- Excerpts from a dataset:
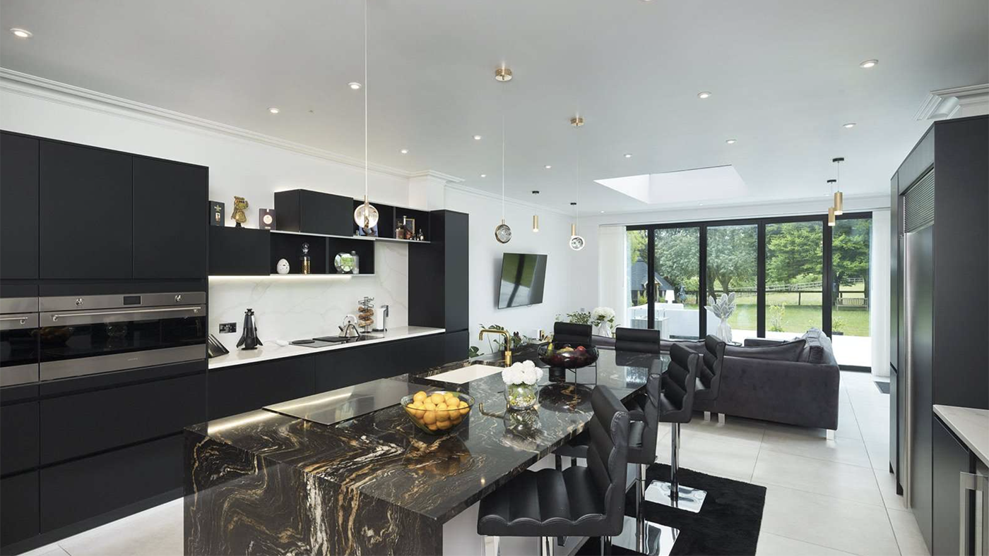 The south-facing kitchen has quartz counter tops and a granite island with an instant hot water tap and double sink as well as a wine fridge. The walk-in pantry is with fitted storage and integrated coffee machine and microwave. A recent addition to the kitchen is the sitting area at one end, with a glass roof lantern and bi-fold doors leading out to the terrace and garden.
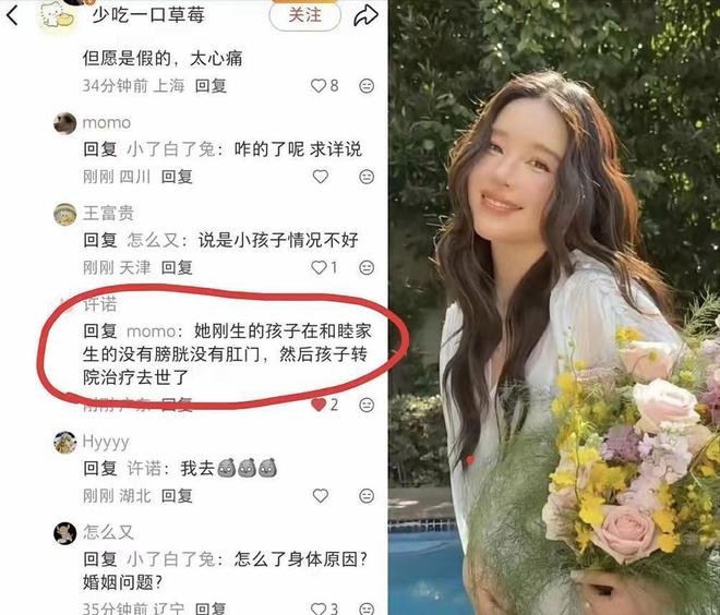 前不久,有疑似阚清子生产医院的知情人士曝,阚清子的孩子没有保住。截图显示,阚清子近期在高端私立和睦家医院生产,孩子36周早产,还是个可爱的女婴。但孩子出生后便被发现存在重度先天畸形,无肛门、无膀胱,连医疗导管都无法插入,情况危急到医生都束手无策。
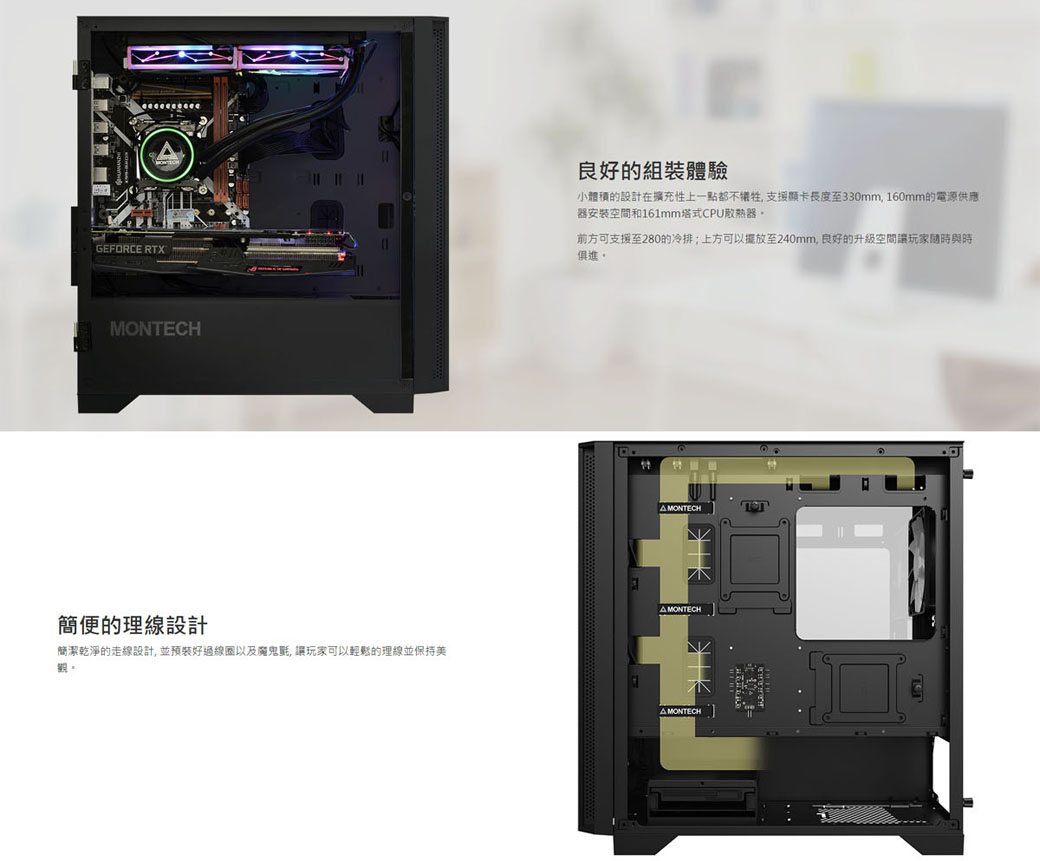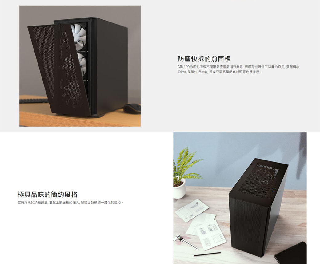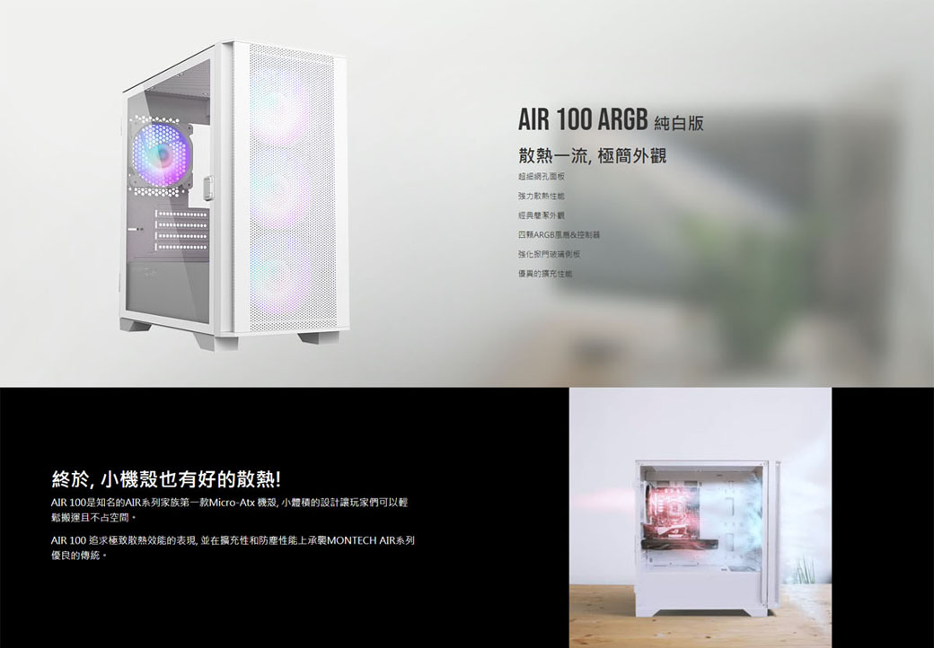 Montech Air 100 ARGB 白 顯卡長33/CPU高16.1/磁吸面板/側掀玻璃側板/M-ATX
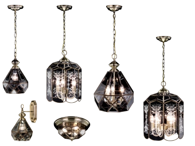 Открывает модельный ряд потолочная люстра с закрытым витражным плафоном; кроме того, есть подвесные светильники на одну и три лампы с плафоном в форме ограненного кристалла, и подвесные модели с плафоном в форме бутона колокольчика, на одну, три или шесть ламп. Завершает коллекцию бра с кристальным плафоном.
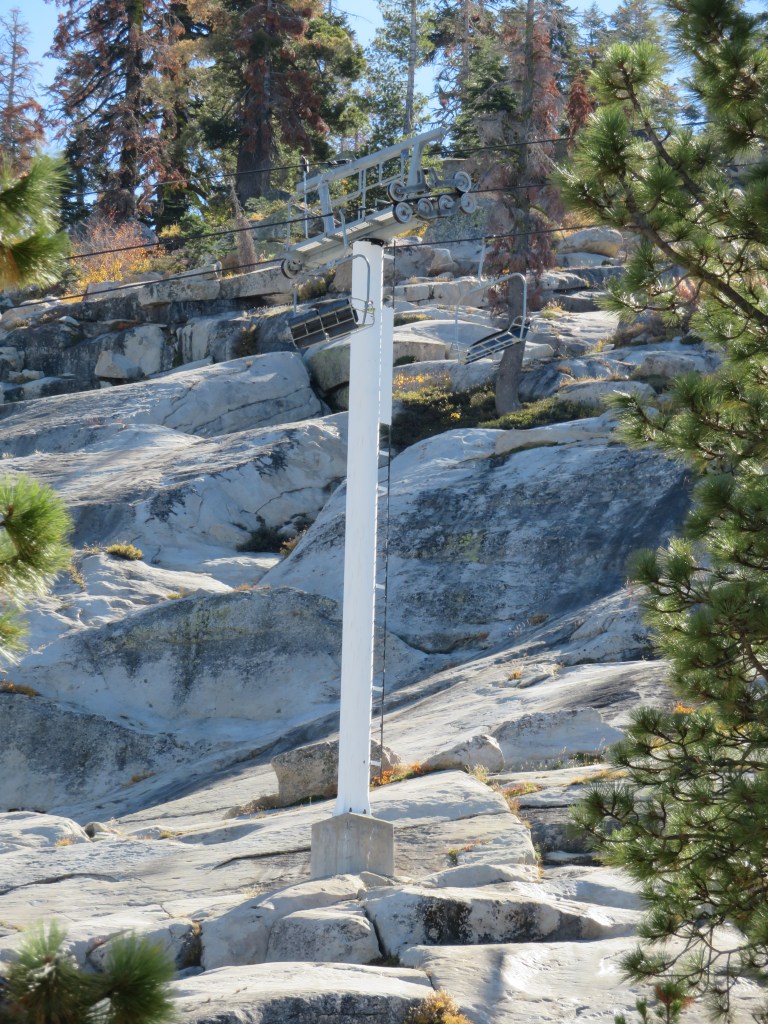 Chair 8 opened a massive expansion at Dodge Ridge in 1998.View down from tower 19.Drive bullwheel.This station design was only used a handful of times by CTEC.Side view of the drive.Upper section of the lift line.The top part of the lift is in the trees, the lower half in a large granite bowl without trees.Some of the towers are anchored into bedrock as there is no soil.The bottom terminal with hydraulic tensioning and solar power.Lower part of the lift line.First few towers.A second CTEC operator house is used for ski patrol and storage.Loading area and operator house.Garaventa CTEC controls.

- About this task: Your answer should be the lines from the opening of the records through the line with "Открывает модельный ряд", both ends retyped exactly and pictures left out.

- Response to the task:
 The south-facing kitchen has quartz counter tops and a granite island with an instant hot water tap and double sink as well as a wine fridge. The walk-in pantry is with fitted storage and integrated coffee machine and microwave. A recent addition to the kitchen is the sitting area at one end, with a glass roof lantern and bi-fold doors leading out to the terrace and garden.
 前不久,有疑似阚清子生产医院的知情人士曝,阚清子的孩子没有保住。截图显示,阚清子近期在高端私立和睦家医院生产,孩子36周早产,还是个可爱的女婴。但孩子出生后便被发现存在重度先天畸形,无肛门、无膀胱,连医疗导管都无法插入,情况危急到医生都束手无策。
 Montech Air 100 ARGB 白 顯卡長33/CPU高16.1/磁吸面板/側掀玻璃側板/M-ATX
 Открывает модельный ряд потолочная люстра с закрытым витражным плафоном; кроме того, есть подвесные светильники на одну и три лампы с плафоном в форме ограненного кристалла, и подвесные модели с плафоном в форме бутона колокольчика, на одну, три или шесть ламп. Завершает коллекцию бра с кристальным плафоном.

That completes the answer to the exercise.